Introduction: How to Surface Mount Solder Using Solder Paste

Picture of How to Surface Mount Solder Using Solder Paste

Quick tutorial showing how to solder a Attiny85 package type SOIC-8 using a hot air tool and solder paste.

SOIC is just one of the many types of standarized packages that integrated circuits such as the Attiny85 can come in. The package type just indicates the components will look different and have the chip's legs accessible in different styles.

This is a free hand soldering paste technique using a Hot Air Soldering Rework Station but you are more than welcome to make a stencil from OSH Stencils!

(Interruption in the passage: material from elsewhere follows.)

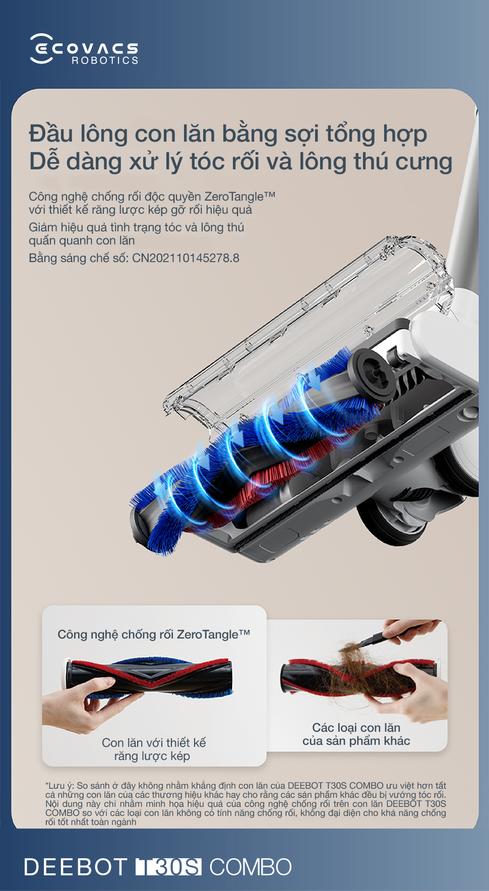 Robot hút bụi lau nhà và máy hút bụi cầm tay Ecovacs Deebot T30S Combo sở hữu công nghệ ZeroTangle™, ngăn ngừa tình trạng chổi chính bị bám dính tóc rối.

Questions, Concerns , Compliments, Feedback all welcomed:


Step 1: What You Will Need

Picture of What You Will Need

1. SMD291SNL ‑ Chip Quik Solder Paste (recommended to use because it comes w/ a fine tip syringe)

2. PCB board (I'll be using Adafruit's SOIC-8 breakout board)

3. Components being soldered (I'm using the ATtiny85)

4. Fine tip tweezers

5. Hot Air Soldering Rework Station/ Or a skillet,oven you feel comfortable using for SMD work

Step 2: Find Something to Hold Down the PCB

Picture of Find Something to Hold Down the PCB

I'll be using my favorite vise the PanaVise 350 Multi-Purpose Work Center.

However , use whatever works best for you (small vise, tape, wood,clamp etc)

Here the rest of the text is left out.